*Required work:*
Below are records with pictures in them. Transcribe everything from the line containing "intense ground training, which" down to the line containing "Bathroom designs feature", exactly, and leave the pictures behind.

*The input:*

# # # # # # #

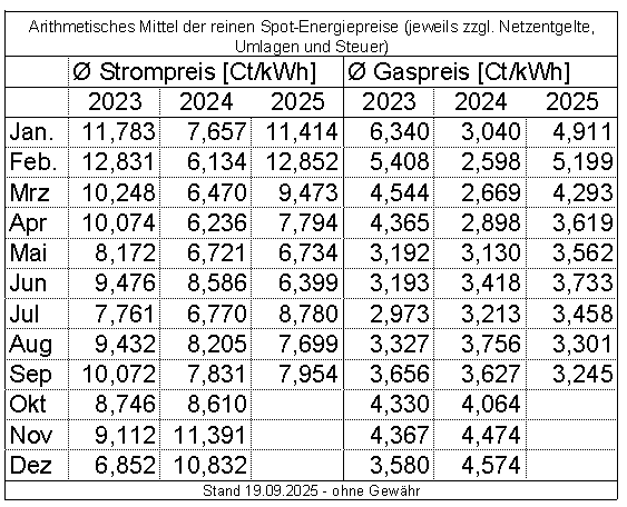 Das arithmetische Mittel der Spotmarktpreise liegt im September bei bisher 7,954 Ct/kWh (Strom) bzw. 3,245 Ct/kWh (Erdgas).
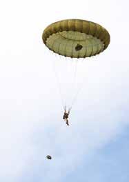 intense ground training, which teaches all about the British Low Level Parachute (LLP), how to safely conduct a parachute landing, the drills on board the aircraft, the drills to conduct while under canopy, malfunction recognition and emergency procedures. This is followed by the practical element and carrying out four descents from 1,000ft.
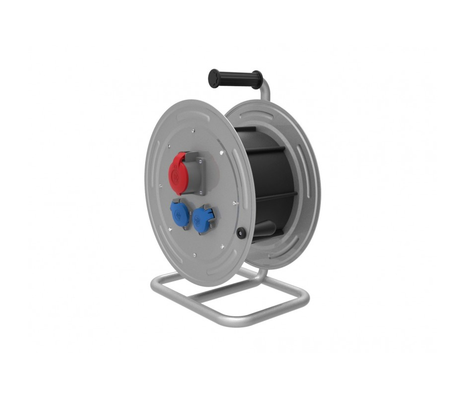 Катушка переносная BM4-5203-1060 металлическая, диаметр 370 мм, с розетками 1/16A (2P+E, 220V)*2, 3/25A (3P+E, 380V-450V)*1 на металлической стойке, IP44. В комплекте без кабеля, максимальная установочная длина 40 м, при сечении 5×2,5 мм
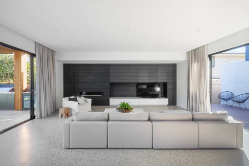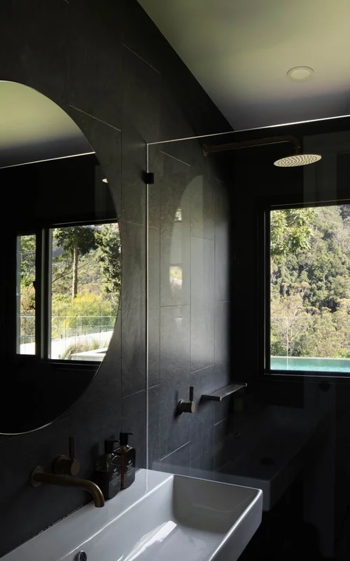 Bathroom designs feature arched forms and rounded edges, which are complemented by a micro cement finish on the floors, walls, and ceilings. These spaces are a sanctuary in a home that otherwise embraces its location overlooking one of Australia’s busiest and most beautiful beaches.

# # # # # # #

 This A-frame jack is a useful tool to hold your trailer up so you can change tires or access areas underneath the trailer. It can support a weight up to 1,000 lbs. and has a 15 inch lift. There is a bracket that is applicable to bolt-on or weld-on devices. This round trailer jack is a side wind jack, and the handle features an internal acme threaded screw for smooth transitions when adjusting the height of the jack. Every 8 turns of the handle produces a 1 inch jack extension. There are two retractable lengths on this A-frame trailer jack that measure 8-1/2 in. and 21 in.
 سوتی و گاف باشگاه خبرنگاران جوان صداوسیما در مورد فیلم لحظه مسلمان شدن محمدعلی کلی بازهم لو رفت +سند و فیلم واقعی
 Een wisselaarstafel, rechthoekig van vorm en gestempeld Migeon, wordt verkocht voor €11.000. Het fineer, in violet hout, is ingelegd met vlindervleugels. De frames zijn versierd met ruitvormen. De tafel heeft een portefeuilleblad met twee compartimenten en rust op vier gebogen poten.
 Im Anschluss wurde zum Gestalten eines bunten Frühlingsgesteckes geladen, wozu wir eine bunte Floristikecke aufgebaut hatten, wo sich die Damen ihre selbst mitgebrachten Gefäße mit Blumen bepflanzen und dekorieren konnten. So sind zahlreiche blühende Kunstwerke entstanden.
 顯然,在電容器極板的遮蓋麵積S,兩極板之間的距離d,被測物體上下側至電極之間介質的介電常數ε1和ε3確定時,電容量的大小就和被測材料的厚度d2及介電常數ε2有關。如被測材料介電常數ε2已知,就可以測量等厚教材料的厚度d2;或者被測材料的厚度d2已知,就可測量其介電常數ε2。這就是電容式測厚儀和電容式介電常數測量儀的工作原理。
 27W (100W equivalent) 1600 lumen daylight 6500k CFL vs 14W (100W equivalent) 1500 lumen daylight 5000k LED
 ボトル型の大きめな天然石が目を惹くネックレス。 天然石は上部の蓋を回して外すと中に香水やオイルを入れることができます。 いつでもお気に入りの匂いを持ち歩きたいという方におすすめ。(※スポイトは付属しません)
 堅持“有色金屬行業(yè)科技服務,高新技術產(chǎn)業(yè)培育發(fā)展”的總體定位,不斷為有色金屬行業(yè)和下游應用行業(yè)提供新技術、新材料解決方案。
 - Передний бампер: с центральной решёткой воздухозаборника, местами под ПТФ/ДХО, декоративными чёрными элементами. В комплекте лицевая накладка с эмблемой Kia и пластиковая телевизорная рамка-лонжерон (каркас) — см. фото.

# # # # # # #

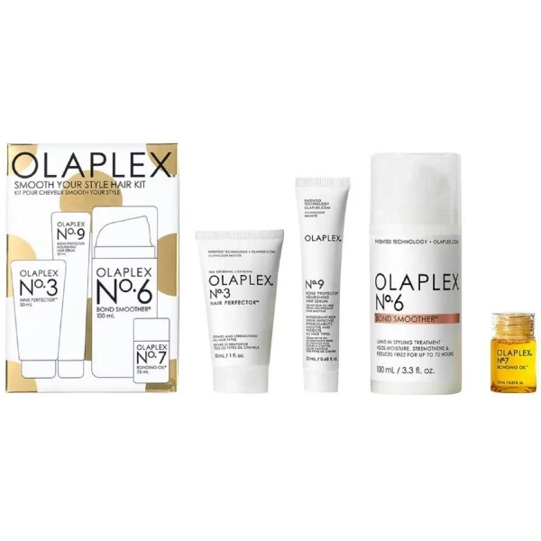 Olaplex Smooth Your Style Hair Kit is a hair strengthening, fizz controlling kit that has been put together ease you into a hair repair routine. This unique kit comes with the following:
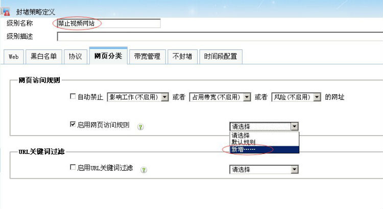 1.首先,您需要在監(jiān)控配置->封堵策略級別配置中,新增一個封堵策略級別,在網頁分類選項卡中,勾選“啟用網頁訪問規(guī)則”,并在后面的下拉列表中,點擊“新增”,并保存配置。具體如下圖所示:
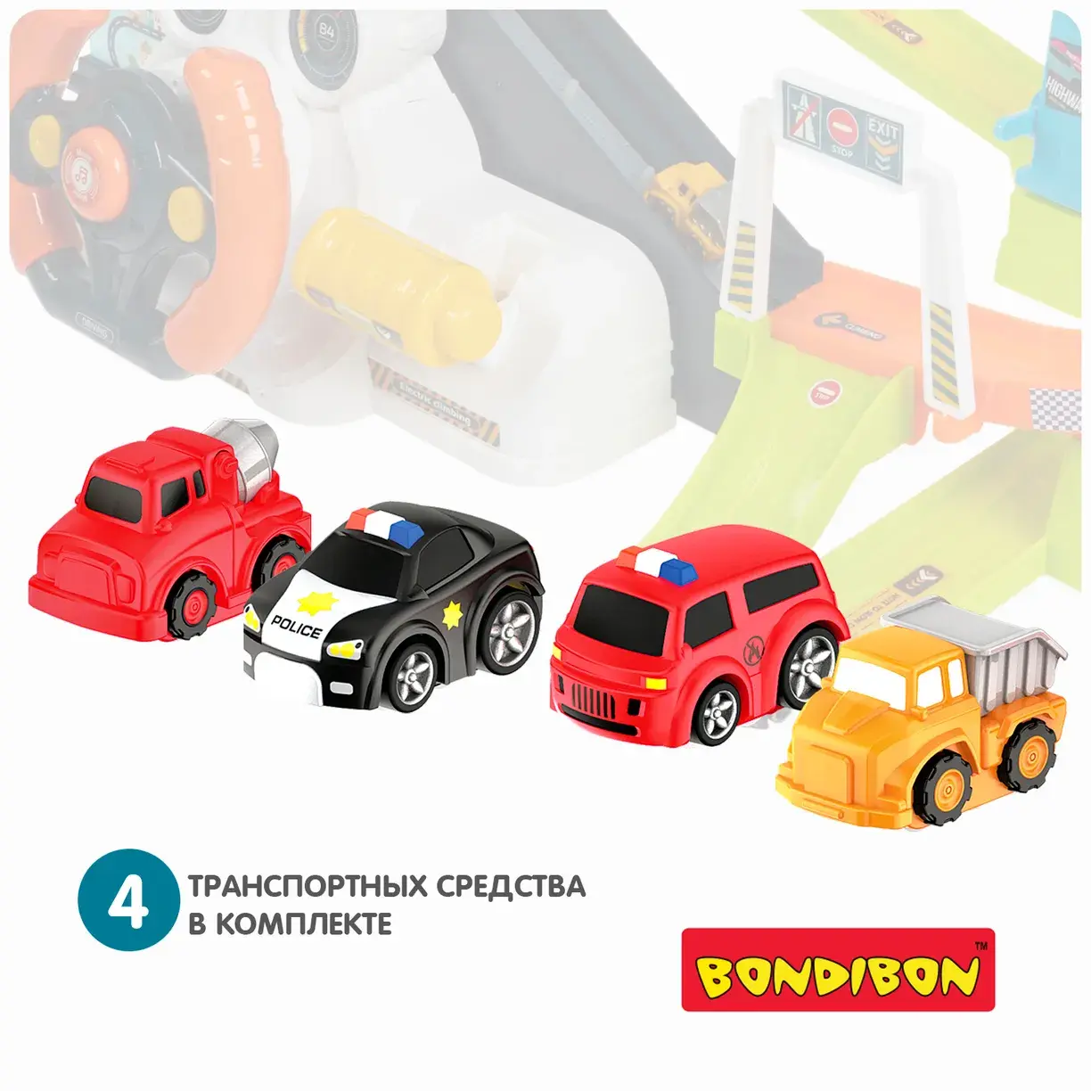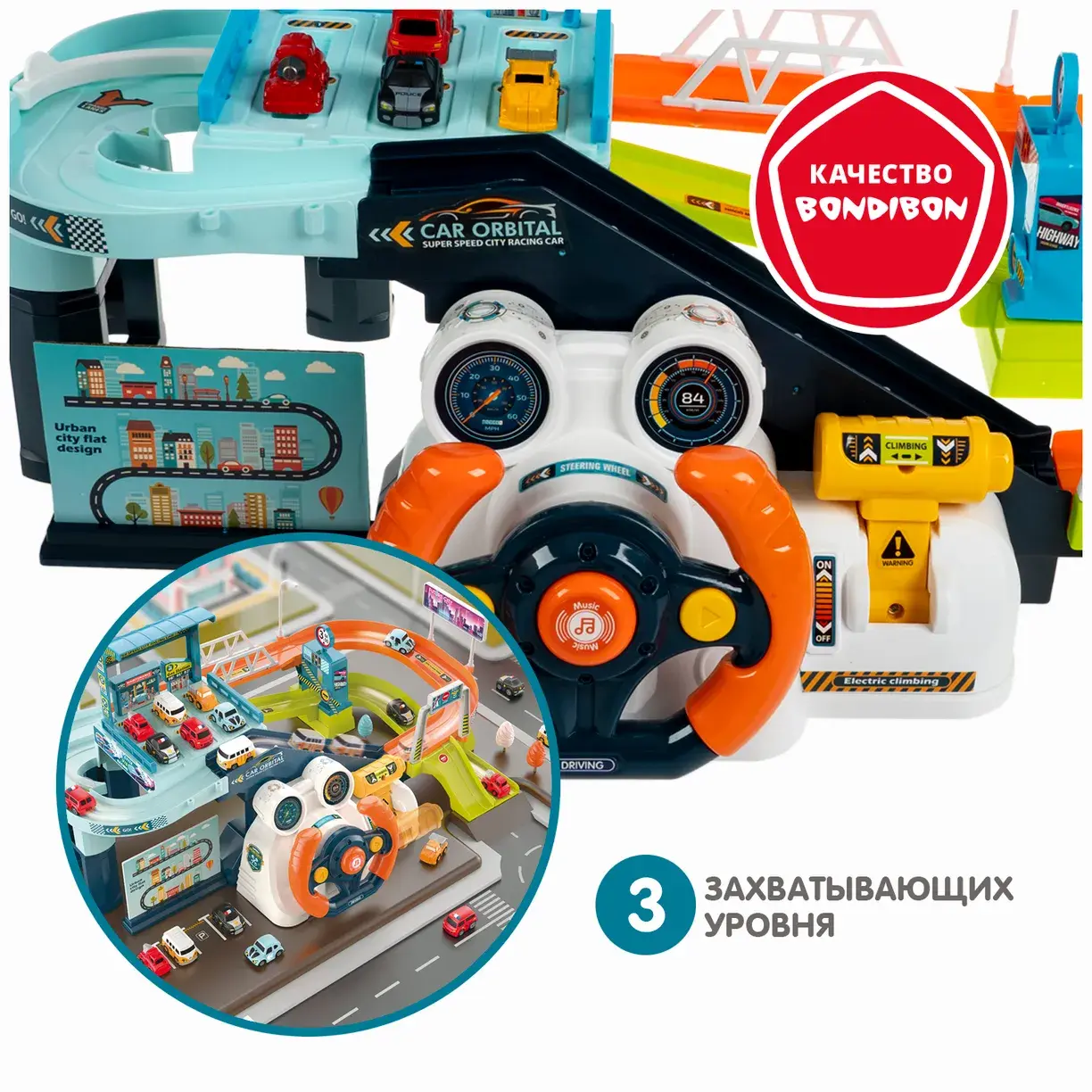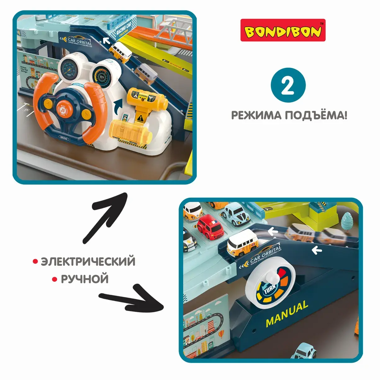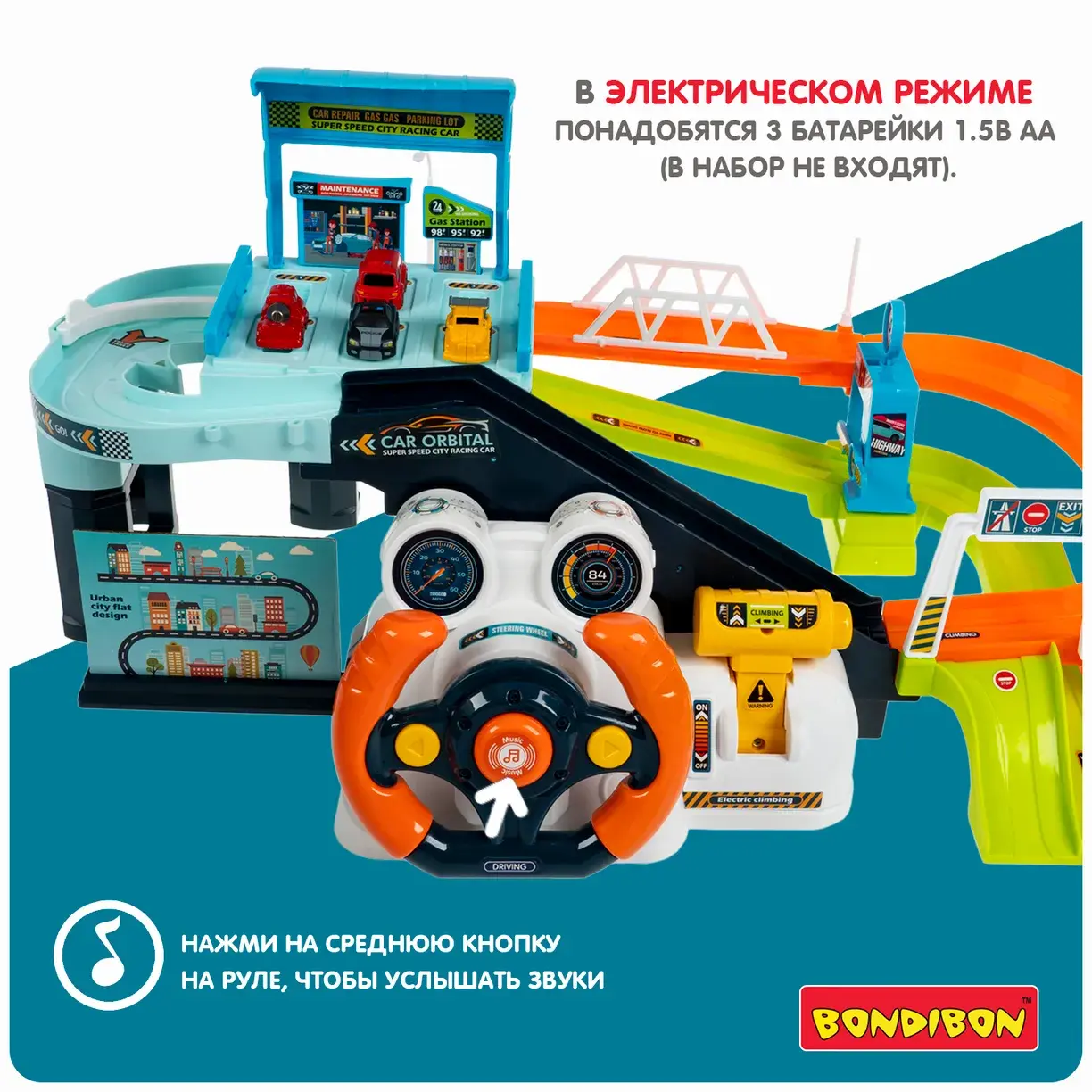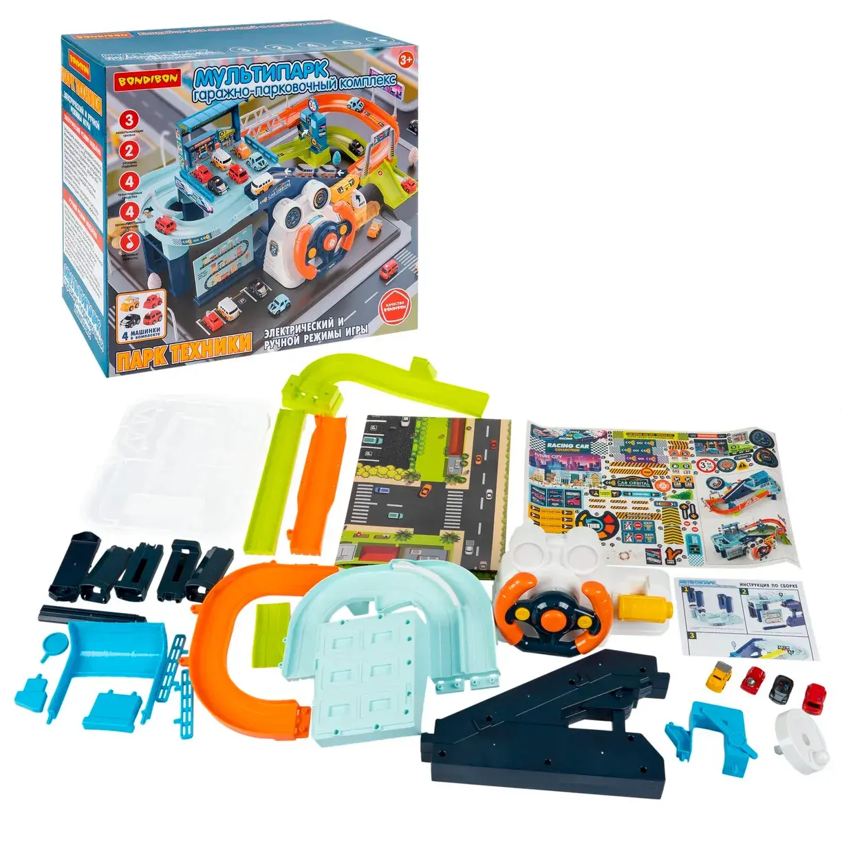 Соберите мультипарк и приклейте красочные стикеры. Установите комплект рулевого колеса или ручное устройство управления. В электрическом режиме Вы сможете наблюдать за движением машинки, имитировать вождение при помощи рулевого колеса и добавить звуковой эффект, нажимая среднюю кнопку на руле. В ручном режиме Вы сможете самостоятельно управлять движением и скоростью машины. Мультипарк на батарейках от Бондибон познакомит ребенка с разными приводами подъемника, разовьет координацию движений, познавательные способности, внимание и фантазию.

# # # # # # #

*Task answer:*
 intense ground training, which teaches all about the British Low Level Parachute (LLP), how to safely conduct a parachute landing, the drills on board the aircraft, the drills to conduct while under canopy, malfunction recognition and emergency procedures. This is followed by the practical element and carrying out four descents from 1,000ft.
 Катушка переносная BM4-5203-1060 металлическая, диаметр 370 мм, с розетками 1/16A (2P+E, 220V)*2, 3/25A (3P+E, 380V-450V)*1 на металлической стойке, IP44. В комплекте без кабеля, максимальная установочная длина 40 м, при сечении 5×2,5 мм
 Bathroom designs feature arched forms and rounded edges, which are complemented by a micro cement finish on the floors, walls, and ceilings. These spaces are a sanctuary in a home that otherwise embraces its location overlooking one of Australia’s busiest and most beautiful beaches.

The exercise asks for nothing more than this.